Creator: Alex Pina
Address: Jesús Colmenar and Koldo Serra
Distribution: Koldo Serra, Alex Rodrigo, Albert Pintó, Jesús Colmenar
Duration: 50 min. approx. (5 episodes)
Premiere: December 3, 2021 (Netflix)
Now finally, the longest heist in history, the one with the best loot, has come to an end. Spanish audiovisual fiction dismisses its most successfully exported creature: a global phenomenon that local creators should already be seriously thinking about replicating. ‘The Money Heist‘ it has been liked even in those exotic places where any robber dreams of making a second life. Something like this should encourage, stimulate and inspire us.
What is not clear is that its end will also generate such a consensus.
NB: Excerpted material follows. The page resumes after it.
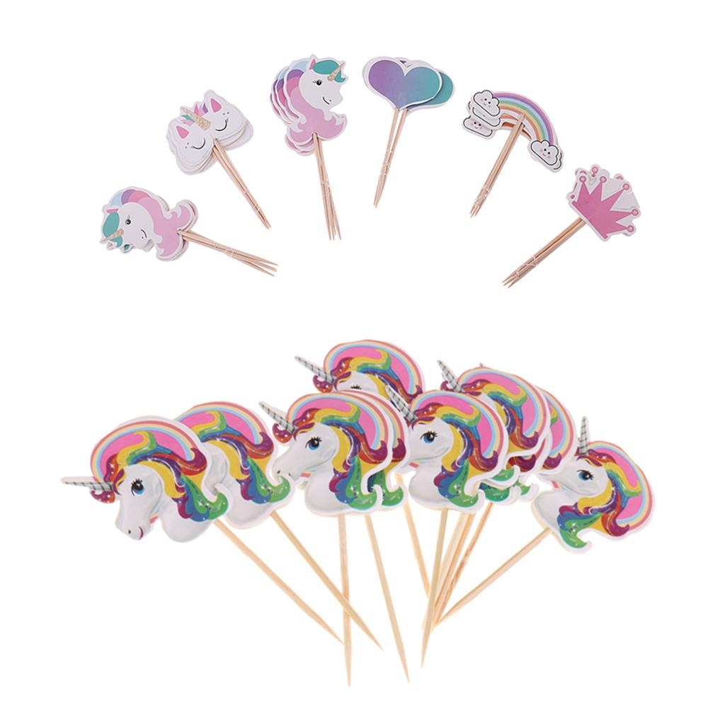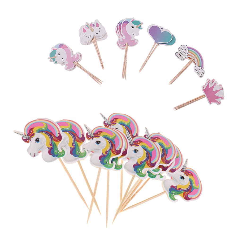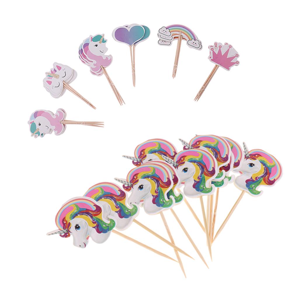 Assorted rainbow, unicorn, heart, crown shape cake topper food picks

Not for being a bad ending, but for being an ending. Who would believe that without Tokyo (Ursula Corberó), this would be mere shadow of ‘LCDP’, they can breathe easy: in addition to appearing in ‘flashbacks’, their heroine is still present as narrator from beyond, a bit like Hannah Baker in ‘For Thirteen Reasons’.
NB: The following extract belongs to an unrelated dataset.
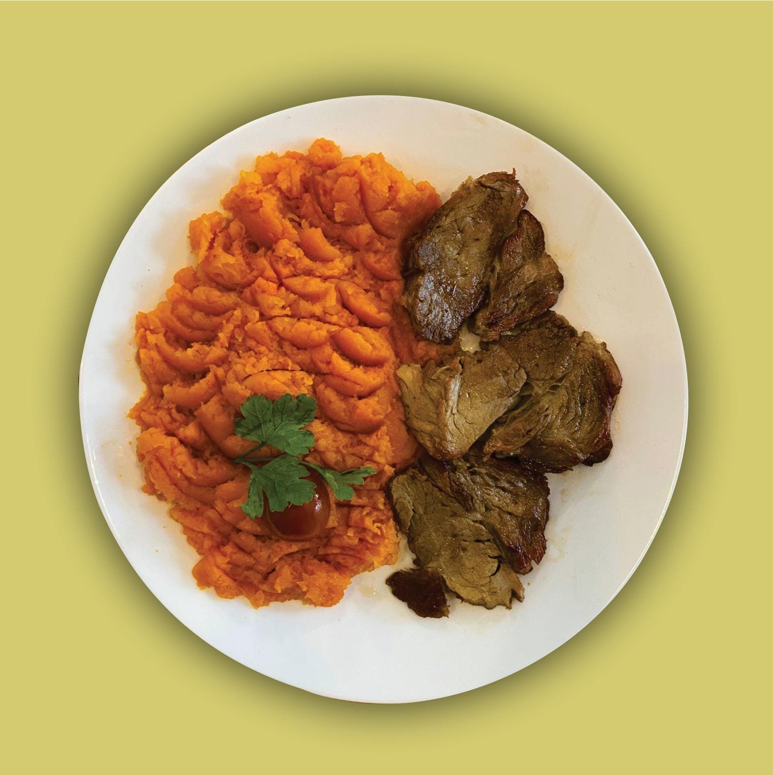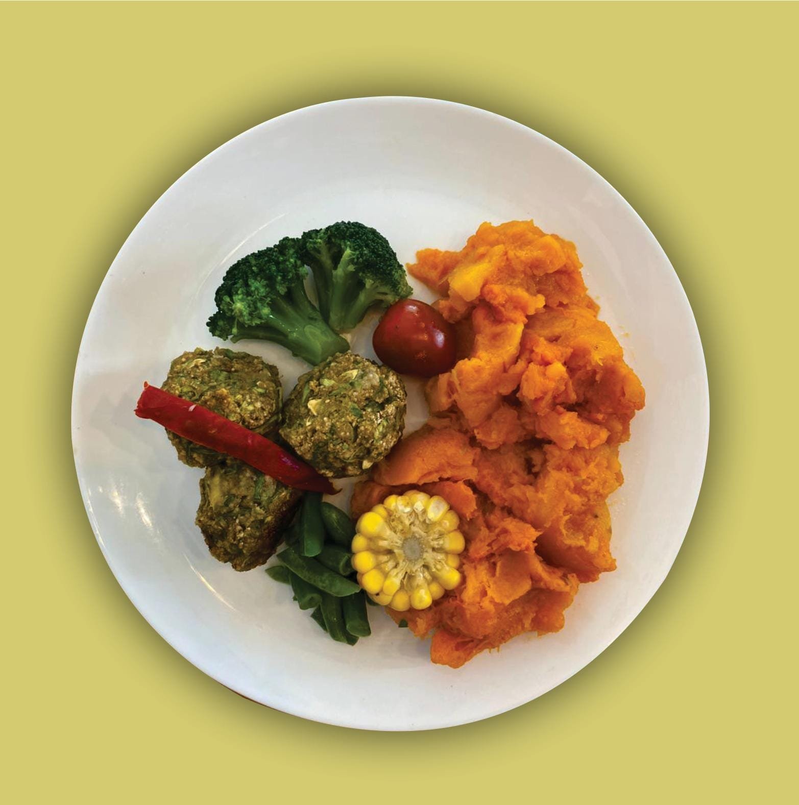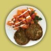 Albóndiga de zucchini, zanahorias al horno con puré de calabaza

It is his voice that adorns that surprising start of (mid) season, beyond our time and our atmosphere: a short Malick-style lesson on the spatial origin of gold. Soon, we come down to Earth, to the present and the harshest reality. The gang tries to come to terms with Tokyo’s death. Stockholm only (Esther Acebo) copes without terrible nerves, basically because he had taken morphine to overcome the feeling of guilt for the fate of Arturo (Enrique Arce). Only Tamayo (Fernando Cayo) takes it wonderfully: “Finally good news.” Worse news, Colonel: five of the soldiers you summoned at the Bank of Spain have fallen.
A lot of action
The teacher (Alvaro Morte) goes on the hunt for the escaped Inspector Sierra (Najwa Nimri), just given birth and with the baby in tow, while the band goes ahead with the planned plan. Well, there are actually several plans: Palermo (Rodrigo de la Serna) and Lisbon (Itziar Ituño) want to negotiate with the remaining military, but Rio (Miguel Herran) I would rather bust them. For these Robin Hoods begins a long chain of sincere or only strategic movements, desperate measures and long-awaited catharsis.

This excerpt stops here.